I must also address possibly the single most bone-headed design decision ever to be implemented into the first person shooter genre - regenerating health. Talk about eliminating all sense of tension and gameplay strategy from the genre in one fell swoop. "No no, there's no need to evade hits and preserve health that you might need for a bigger enemy later, just hide behind a box for a couple of seconds and you'll be right back at full health! In fact, we can actively flaunt this by giving enemies cheap, unavoidable attacks! Hell, why even bother having environmental hazards anymore, they're no danger to you at all unless they kill you fucking instantly! Speaking of which, everything that's not a platform in this room will kill you and send you back to the checkpoint after an excessively long load screen, now have fun!" Kee-rist. Say what you want about picking up a health kit and being instantly healed, at least it added a feeling of danger and some forethought to the experience instead of just letting you muscle your way through without breaking a sweat. Hell, modern shooters might as well just hand you all of their single-player achievements for free - between the constant checkpoints and the fact that you heal faster than Wolverine, it's just a matter of time before you get them all anyway. To say nothing of the fact that playing duck-and-cover is not how Duke Freaking Nukem - a character made to parody and pay tribute to invincible, Schwarzenegger-esque action heroes - should act in his games!

In short, I simply don't see where those millions of dollars and thirteen years of development time went at all. We were promised an innovative and groundbreaking shooter - and it may well have been if it came out in say, 2001 - but what we ultimately get is a painfully mediocre modern shooter that combines the worst aspects of both old and new games in the genre while retaining virtually none of the positives. The game is laden with filler, the enemies aren't fun to fight (especially the bosses, which are all just monotonous and frustrating), the humor is forced at best and hypocritical at worst, and it simply isn't funny or much fun to play. Whether you were a Duke Nukem fan back in the mid-90s or not, you deserve something a lot better than this for your money.

score:

So in conclusion, don't even bother with DNF. Save yourself some money and buy Serious Sam HD: The Second Encounter instead. It's a far more enjoyable experience and much truer to the tenets of frantic old-school shooters. If you want something more modern in style, go for Bionic Commando (very underrated game, seriously) or Vanquish. Hell, I'm not even a fan of Halo beyond the first game, but I'd gladly recommend any game in that franchise over this boring slop.

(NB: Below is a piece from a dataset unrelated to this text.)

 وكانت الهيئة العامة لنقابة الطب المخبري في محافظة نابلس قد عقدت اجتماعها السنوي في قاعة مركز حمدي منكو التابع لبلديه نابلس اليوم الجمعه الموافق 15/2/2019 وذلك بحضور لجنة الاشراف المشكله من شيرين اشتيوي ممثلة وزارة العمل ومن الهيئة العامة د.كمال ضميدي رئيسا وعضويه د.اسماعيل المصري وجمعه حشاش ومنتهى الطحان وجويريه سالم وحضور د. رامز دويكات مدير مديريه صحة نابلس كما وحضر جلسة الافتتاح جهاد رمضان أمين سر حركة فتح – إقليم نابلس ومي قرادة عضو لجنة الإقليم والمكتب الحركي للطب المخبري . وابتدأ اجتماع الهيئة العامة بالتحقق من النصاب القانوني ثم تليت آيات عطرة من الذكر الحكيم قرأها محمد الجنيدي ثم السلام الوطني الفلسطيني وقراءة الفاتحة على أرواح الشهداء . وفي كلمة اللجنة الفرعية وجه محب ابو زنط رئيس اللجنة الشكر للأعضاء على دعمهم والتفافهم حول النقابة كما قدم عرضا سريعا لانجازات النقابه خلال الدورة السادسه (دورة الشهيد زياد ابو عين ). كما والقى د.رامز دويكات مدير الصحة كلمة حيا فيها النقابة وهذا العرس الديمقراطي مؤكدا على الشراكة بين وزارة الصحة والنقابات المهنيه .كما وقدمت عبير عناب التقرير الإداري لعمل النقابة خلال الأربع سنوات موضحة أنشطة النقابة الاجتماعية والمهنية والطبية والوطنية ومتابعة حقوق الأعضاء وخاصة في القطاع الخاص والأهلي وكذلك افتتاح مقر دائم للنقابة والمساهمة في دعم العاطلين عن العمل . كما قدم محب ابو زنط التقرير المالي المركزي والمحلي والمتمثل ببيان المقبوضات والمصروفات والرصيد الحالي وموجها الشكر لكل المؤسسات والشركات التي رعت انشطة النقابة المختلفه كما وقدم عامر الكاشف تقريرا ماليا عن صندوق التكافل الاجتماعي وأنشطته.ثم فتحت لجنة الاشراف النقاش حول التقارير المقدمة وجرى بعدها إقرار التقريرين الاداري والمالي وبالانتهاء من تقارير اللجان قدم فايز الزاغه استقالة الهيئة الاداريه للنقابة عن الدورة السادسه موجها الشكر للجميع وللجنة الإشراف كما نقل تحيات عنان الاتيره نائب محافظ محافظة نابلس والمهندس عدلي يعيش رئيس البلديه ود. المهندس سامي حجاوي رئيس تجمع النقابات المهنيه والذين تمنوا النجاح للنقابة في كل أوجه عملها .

But if you absolutely must have some Duke, then do yourself a big favor by heading over to Good Old Games and plunking down six dollars for the Atomic Edition of Duke Nukem 3D. I guarantee you'll have a much more fun and enjoyable experience than what's on offer here.
 
 
 rawks  §  rad comments, dogg.
 ~Azul Rojo  §  at 09:45pm 06/21/11
 
I'm surprised there were keycard puzzles, seeing as a few of the trailers seemed to show that idea being trashed: "Keycard? I don't need a fucking keycard!" *Duke forces a door open* This happens near the very start of the game. Then, apparently, that's it. You'd better find the fucking keycards after that.

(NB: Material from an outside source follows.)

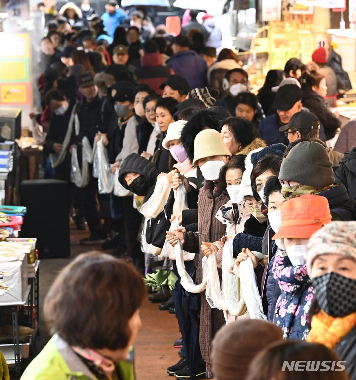 by: Posted on: 2024년 01월 17일 무병장수를 기원하며 [뉴시스Pic] [서울·수원=뉴시스] 류현주 김종택 기자 = 17일 경기도 수원시 팔달구 못골시장에서 열린 ‘못골시장과 함께하는 가래떡 나눔 행사’에 참석한 시장상인과 시민들이 180m 길이의 가래떡을 이어 잡는 퍼포먼스를 하고 있다. 새해를 맞아 무병장수를 기원하며 긴 가래떡을 뽑는 가래떡 나눔은 못골시장의 대표 행사다. ◎공감언론 뉴시스 ryuhj@newsis.com, jtk@newsis.com Post Views: 29
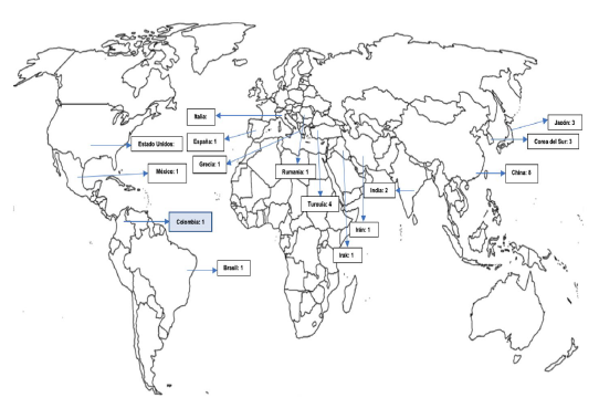 Los 26 artículos seleccionados constituyeron en su totalidad reportes de uno o máximo dos casos, para un total de 29 (tres autores reportaron 2 casos cada uno: ver tabla 1), que se ubicaron 22 en el continente asiático (75,9 %), 4 en Europa (13,7%) y tres en América (10,4 %) (figura 2). La edad media de las pacientes reportadas con AGCES metastásico a la mama fue de 42,5 años.

At least they were decent enough to keep (and even up) the crude humor. Faggs Cigarettes with a dude in a leather bondage outfit on the pack? Push R1 to piss in a urinal? Punch a guy in the face because he's acting like a dickbag? Blow aliens up while Duke mocks them? Awesome! But I remember one of the older games allowing you to walk into a titty bar and pay the ladies to flash you. Now that's been replaced with "Hey, go find me some items and something cool MIGHT happen." Hooray. Fetch the item quests. Those are super fun.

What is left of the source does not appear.